Years ago a friend of mine had me over to help take his phone apart. The headphone jack had stopped being reliable (yeah, way back in the day when it was normal for you to plug in headphones). We had fun taking the phone apart, but in the end it turned out that the headphone jack was jammed full of pocket lint. Yup. Some careful digging with a pin and tweezers and we cleared out an alarming amount of lint that had jammed up the port. This fully restored the headphone jack function.

One of my kids had the same thing happen to them. Janky headphone jack, and yup – the bottom was stuffed full with pocket lint. Just be very careful poking around in the port. It’s not very big and you can mess stuff up. Lint is soft and will come out with some gently coaxing.

Lately my ~1.5yr old Pixel 4a had stopped reliably charging. The USB-C cable would fit in fine, but not stay put. It would also pop out very easily. This morning after another failed to charge overnight incident I again inspected the USB-C port. It looked fine. Probing very gently with a pin, it soon became obvious there was some lint in there.

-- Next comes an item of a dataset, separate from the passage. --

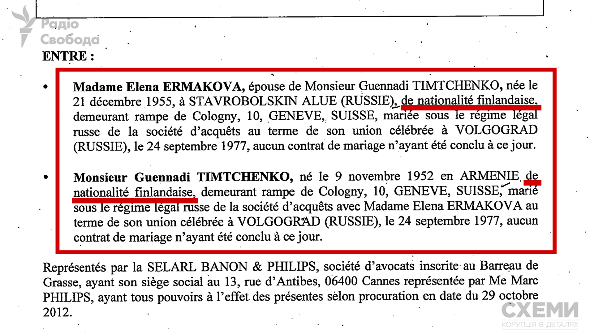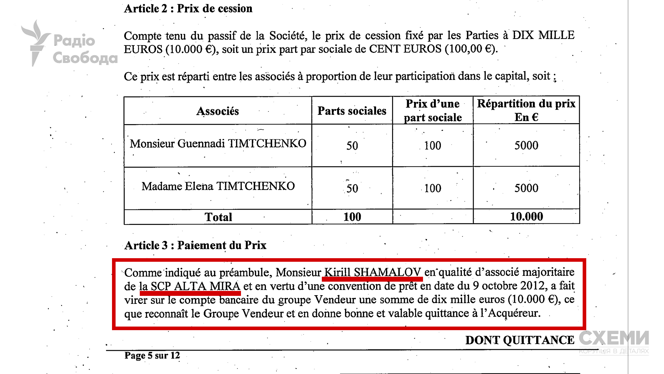В 2012 году, согласно выписке из документов, Тимченки передали акции компании SCI ATLANTIC (а вместе с этим и виллу)другой французской фирме – SCP ALTA MIRA. Ее представлял зять Путина до 2018 года Кирилл Шамалов. Он заплатил за акции 10 тысяч евро.

Then I pulled out more and more.. an alarming amount. There was a lot of lint. Now I can look into the port and see the shiny plastic bottom, not a dark matted blackness. The USB-C cable seats nice and deeply and doesn’t pop out easily.

Given phones probably live a good percentage of their lives in your pocket, this isn’t a surprising outcome. Still – cleaning out lint wasn’t even close to the first thing I thought of doing in any of these cases. I’d even checked what my warranty and repair options were. The fix was 2 minutes of careful work.

Samsung Galaxy S7 Battery Swap

Sure, the Samsung S7 is a 6 year old phone at this point – but it’s perfect for my son who’s in grade 7 and doesn’t really need a phone. The other day it stopped turning on – when you plugged it in, it would indicate the battery was at 100%. I could even get it to power on while plugged in, but removing the USB power would result in an immediate black screen as it powered off hard.

I sort of dreaded opening this phone up because it’s one of the ones that is glued shut. I was pleasantly surprised, as a little heating with the heat gun and the all metal back came up pretty easily using a suction cup. After that there were some phillips screws to remove and I was able to see the battery.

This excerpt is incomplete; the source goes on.